::: LISTED RECORDS

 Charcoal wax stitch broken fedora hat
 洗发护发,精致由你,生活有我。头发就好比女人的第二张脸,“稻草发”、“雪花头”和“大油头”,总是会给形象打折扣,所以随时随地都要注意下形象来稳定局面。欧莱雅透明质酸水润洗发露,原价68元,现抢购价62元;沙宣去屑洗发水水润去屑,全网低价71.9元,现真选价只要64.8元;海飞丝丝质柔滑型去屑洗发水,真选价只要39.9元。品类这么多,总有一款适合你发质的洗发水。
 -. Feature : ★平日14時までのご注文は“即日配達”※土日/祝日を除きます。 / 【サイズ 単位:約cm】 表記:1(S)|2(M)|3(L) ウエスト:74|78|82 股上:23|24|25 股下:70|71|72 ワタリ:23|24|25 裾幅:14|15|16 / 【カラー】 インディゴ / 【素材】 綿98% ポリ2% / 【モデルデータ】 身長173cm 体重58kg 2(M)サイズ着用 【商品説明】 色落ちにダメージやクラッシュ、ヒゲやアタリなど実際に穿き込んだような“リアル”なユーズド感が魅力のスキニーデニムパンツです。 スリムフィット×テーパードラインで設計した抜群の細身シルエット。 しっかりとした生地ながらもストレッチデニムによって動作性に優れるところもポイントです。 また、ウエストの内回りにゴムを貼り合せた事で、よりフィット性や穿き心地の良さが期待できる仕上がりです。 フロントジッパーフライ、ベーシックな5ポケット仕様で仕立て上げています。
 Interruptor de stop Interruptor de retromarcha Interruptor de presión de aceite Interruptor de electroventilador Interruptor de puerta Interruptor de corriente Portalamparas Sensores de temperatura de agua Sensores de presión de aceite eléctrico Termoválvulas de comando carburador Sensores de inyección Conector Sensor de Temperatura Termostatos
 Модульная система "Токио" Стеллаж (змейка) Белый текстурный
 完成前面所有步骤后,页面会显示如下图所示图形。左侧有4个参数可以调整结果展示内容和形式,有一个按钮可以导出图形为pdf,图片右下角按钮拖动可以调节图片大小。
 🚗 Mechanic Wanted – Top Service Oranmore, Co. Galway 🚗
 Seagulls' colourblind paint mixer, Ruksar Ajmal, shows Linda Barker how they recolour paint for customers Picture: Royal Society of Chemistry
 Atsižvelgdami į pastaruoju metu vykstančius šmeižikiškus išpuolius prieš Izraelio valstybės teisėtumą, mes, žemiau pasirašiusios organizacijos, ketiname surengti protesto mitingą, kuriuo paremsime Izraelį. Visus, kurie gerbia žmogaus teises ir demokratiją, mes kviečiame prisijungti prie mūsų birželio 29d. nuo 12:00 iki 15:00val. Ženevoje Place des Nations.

::::::

WHAT YOU ARE ASKED TO DO >> An exact repetition of the data above is all that is needed.

TASK RESULT >>
 Charcoal wax stitch broken fedora hat
 洗发护发,精致由你,生活有我。头发就好比女人的第二张脸,“稻草发”、“雪花头”和“大油头”,总是会给形象打折扣,所以随时随地都要注意下形象来稳定局面。欧莱雅透明质酸水润洗发露,原价68元,现抢购价62元;沙宣去屑洗发水水润去屑,全网低价71.9元,现真选价只要64.8元;海飞丝丝质柔滑型去屑洗发水,真选价只要39.9元。品类这么多,总有一款适合你发质的洗发水。
 -. Feature : ★平日14時までのご注文は“即日配達”※土日/祝日を除きます。 / 【サイズ 単位:約cm】 表記:1(S)|2(M)|3(L) ウエスト:74|78|82 股上:23|24|25 股下:70|71|72 ワタリ:23|24|25 裾幅:14|15|16 / 【カラー】 インディゴ / 【素材】 綿98% ポリ2% / 【モデルデータ】 身長173cm 体重58kg 2(M)サイズ着用 【商品説明】 色落ちにダメージやクラッシュ、ヒゲやアタリなど実際に穿き込んだような“リアル”なユーズド感が魅力のスキニーデニムパンツです。 スリムフィット×テーパードラインで設計した抜群の細身シルエット。 しっかりとした生地ながらもストレッチデニムによって動作性に優れるところもポイントです。 また、ウエストの内回りにゴムを貼り合せた事で、よりフィット性や穿き心地の良さが期待できる仕上がりです。 フロントジッパーフライ、ベーシックな5ポケット仕様で仕立て上げています。
 Interruptor de stop Interruptor de retromarcha Interruptor de presión de aceite Interruptor de electroventilador Interruptor de puerta Interruptor de corriente Portalamparas Sensores de temperatura de agua Sensores de presión de aceite eléctrico Termoválvulas de comando carburador Sensores de inyección Conector Sensor de Temperatura Termostatos
 Модульная система "Токио" Стеллаж (змейка) Белый текстурный
 完成前面所有步骤后,页面会显示如下图所示图形。左侧有4个参数可以调整结果展示内容和形式,有一个按钮可以导出图形为pdf,图片右下角按钮拖动可以调节图片大小。
 🚗 Mechanic Wanted – Top Service Oranmore, Co. Galway 🚗
 Seagulls' colourblind paint mixer, Ruksar Ajmal, shows Linda Barker how they recolour paint for customers Picture: Royal Society of Chemistry
 Atsižvelgdami į pastaruoju metu vykstančius šmeižikiškus išpuolius prieš Izraelio valstybės teisėtumą, mes, žemiau pasirašiusios organizacijos, ketiname surengti protesto mitingą, kuriuo paremsime Izraelį. Visus, kurie gerbia žmogaus teises ir demokratiją, mes kviečiame prisijungti prie mūsų birželio 29d. nuo 12:00 iki 15:00val. Ženevoje Place des Nations.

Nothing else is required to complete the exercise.